Таким образом, на протяжении всего романа мы видим не детектив, который увлекает, и зачаровывает какими-либо тайнами. А оборотную сторону человеческой души. Ведь именно об этом все произведение Достоевского. Все действие, которое происходит в романе, упирается в Раскольникова: он думает, он пишет, он чувствует, он убеждает.

Мы не видим чувств других людей, мы почти не наблюдаем действие, которое разворачивалось на основе совершенного преступления, кроме внутренних дум Раскольникова. Не чувствуется динамики, которая присуща большинству детективов. Если взять для сравнения романы А. Кристи, то можем понять разницу, которая присутствует между ними. Своеобразие английских детективных романов в том, что с начала произведения читатель не знает, кто же является преступником, в то время как у Достоевского мы видим и как совершается преступление, и кто его совершает. Детектив подразумевает завязку, состоящую из какой-либо тайны, которая раскрывается по ходу действия романа. В «Преступлении и наказании» все происходит в точности до наоборот: сначала мы видим развязку и совершение преступления, а потом разворачиваются действия, которые раскрывают тайну души главного героя.

В «Преступлении и наказании» замечательный следователь Порфирий Петрович – он-то и назвал психологию «палкой о двух концах» – руководствуется не ею, то есть не судебно-следственной психологией, а особой диалогической интуицией, которая и позволяет ему проникнуть в незавершенную и нерешенную душу Раскольникова. Три встречи Порфирия с Раскольниковым – это вовсе не обычные следовательские допросы; и не потому, что они проходят «не по форме» (что постоянно подчеркивает Порфирий), а потому, что они нарушают самые основы традиционного психологического взаимоотношения следователя и преступника (что подчеркивает Достоевский). Все три встречи Порфирия с Раскольниковым – подлинные и замечательные полифонические диалоги.
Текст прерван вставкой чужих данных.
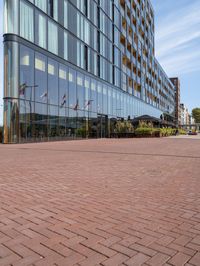 This image showcases the modern architecture and urban design of a city in Holland, Netherlands. The clear sky reflects on the glass walls of the buildings, creating a striking contrast. The city is situated near a river and features a pier with restaurants and hotels, offering a vibrant city life. The open spaces and stunning landmarks make it a popular destination in Europe. The image captures the essence of the urban lifestyle with street lights illuminating the road surfaces and a jetty providing a picturesque view of the water. Experience the beauty of this city and enjoy the various architectural wonders it has to offer.
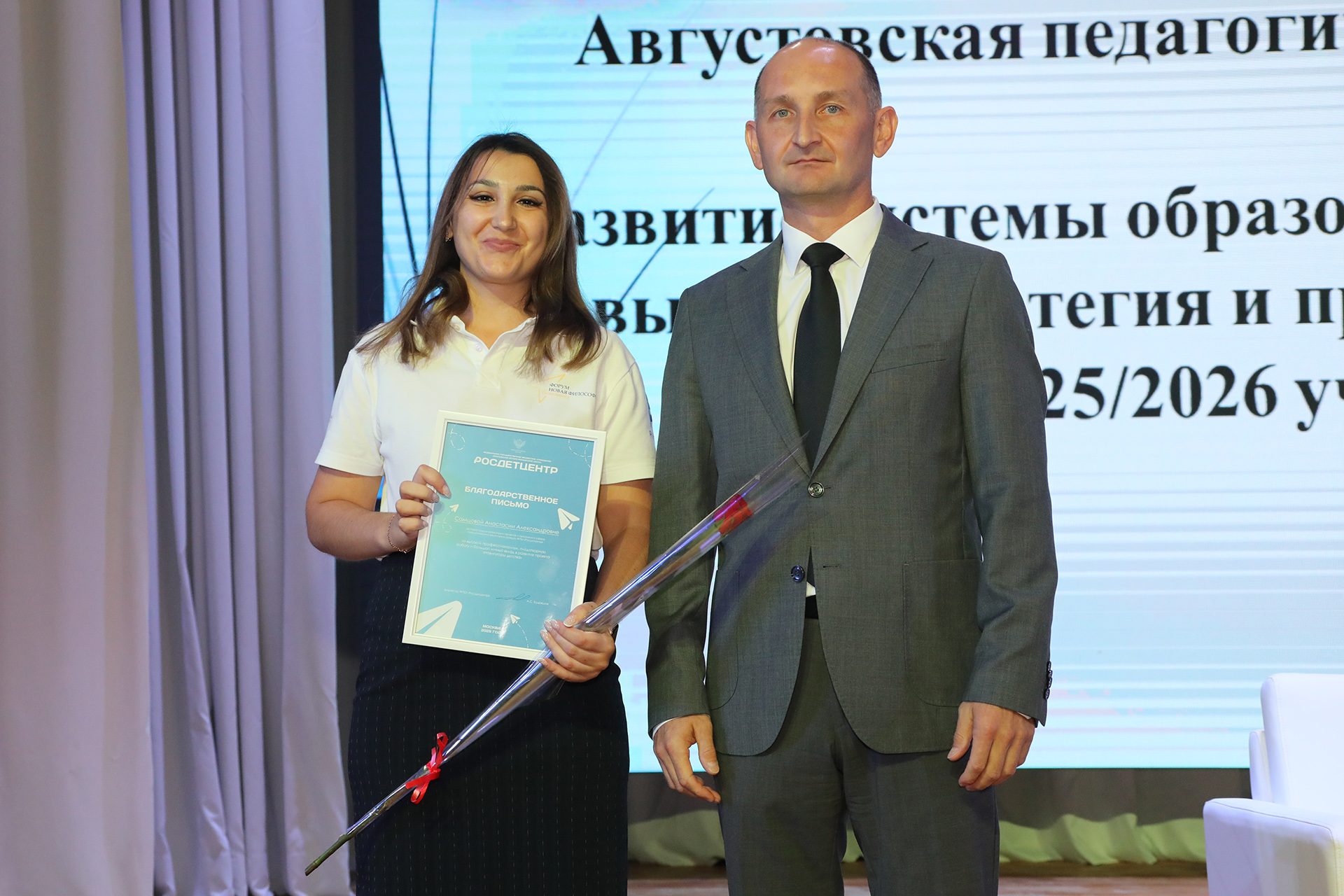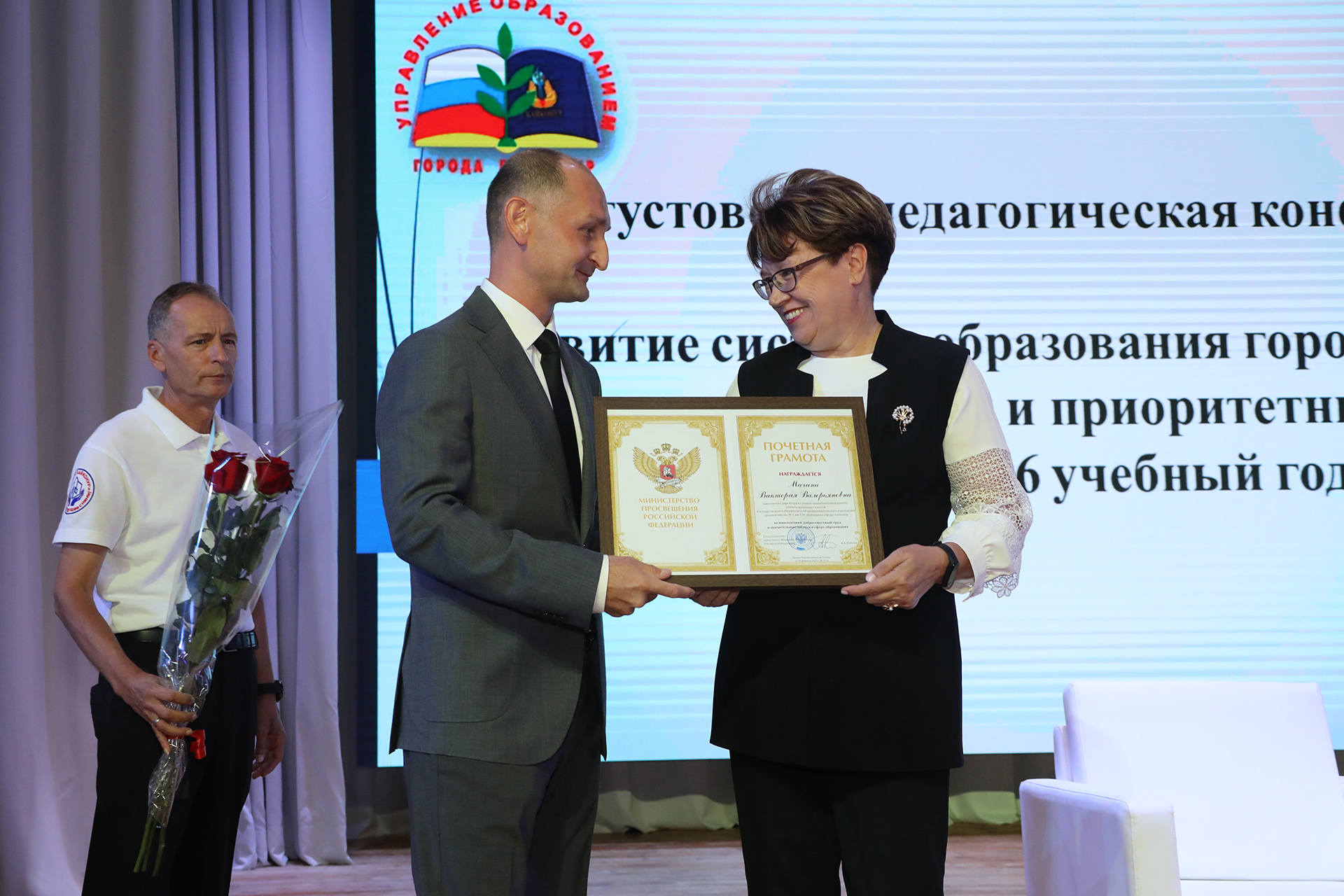 С тёплыми поздравлениями Тимур Вербицкий вручил ведомственные награды: благодарности Росдетцентра начальнику Управления образованием Елене Ким, советнику по воспитанию и взаимодействию с детскими общественными объединениями средней школы № 4 им. В.П. Глушко Анастасии Самцовой; почетную грамоту Минпросвещения России заместителю директора средней школы № 1 им. Г.М. Шубникова Виктории Мачиной.

И в дальнейшем течении романа все, что входит в его содержание – люди, идеи, вещи, – не остается внеположным сознанию Раскольникова, а противопоставлено ему и диалогически в нем отражено. Все возможные оценки и точки зрения на его личность, на его характер, на его идею, на его поступки доведены до его сознания и обращены к нему в диалогах с Порфирием, с Соней, со Свидригайловым, Дуней и другими. Все чужие аспекты мира пересекаются с его аспектом. Все, что он видит и наблюдает, – и петербургские трущобы и Петербург монументальный, все его случайные встречи и мелкие происшествия, – все это вовлекается в диалог, отвечает на его вопросы, ставит перед ним новые, провоцирует его, спорит с ним или подтверждает его мысли. Автор не оставляет за собой никакого существенного смыслового избытка и на равных правах с Раскольниковым входит в большой диалог романа в его целом5.

Заключение

Как справедливо отметил М.М. Бахтин, Достоевский – творец полифонического романа. Он создал существенно новый романный жанр. Поэтому-то его творчество не укладывается ни в какие рамки, не подчиняется ни одной из тех историко-литературных схем, какие мы привыкли прилагать к явлениям европейского романа. В его произведениях появляется герой, голос которого построен так, как строится голос самого автора в романе обычного типа. Слово героя о себе самом и о мире так же полновесно, как обычное авторское слово; оно не подчинено объективному образу героя как одна из его характеристик, но и не служит рупором авторского голоса. Ему принадлежит исключительная самостоятельность в структуре произведения, оно звучит как бы рядом с авторским словом и особым образом сочетается с ним и с полноценными же голосами других героев.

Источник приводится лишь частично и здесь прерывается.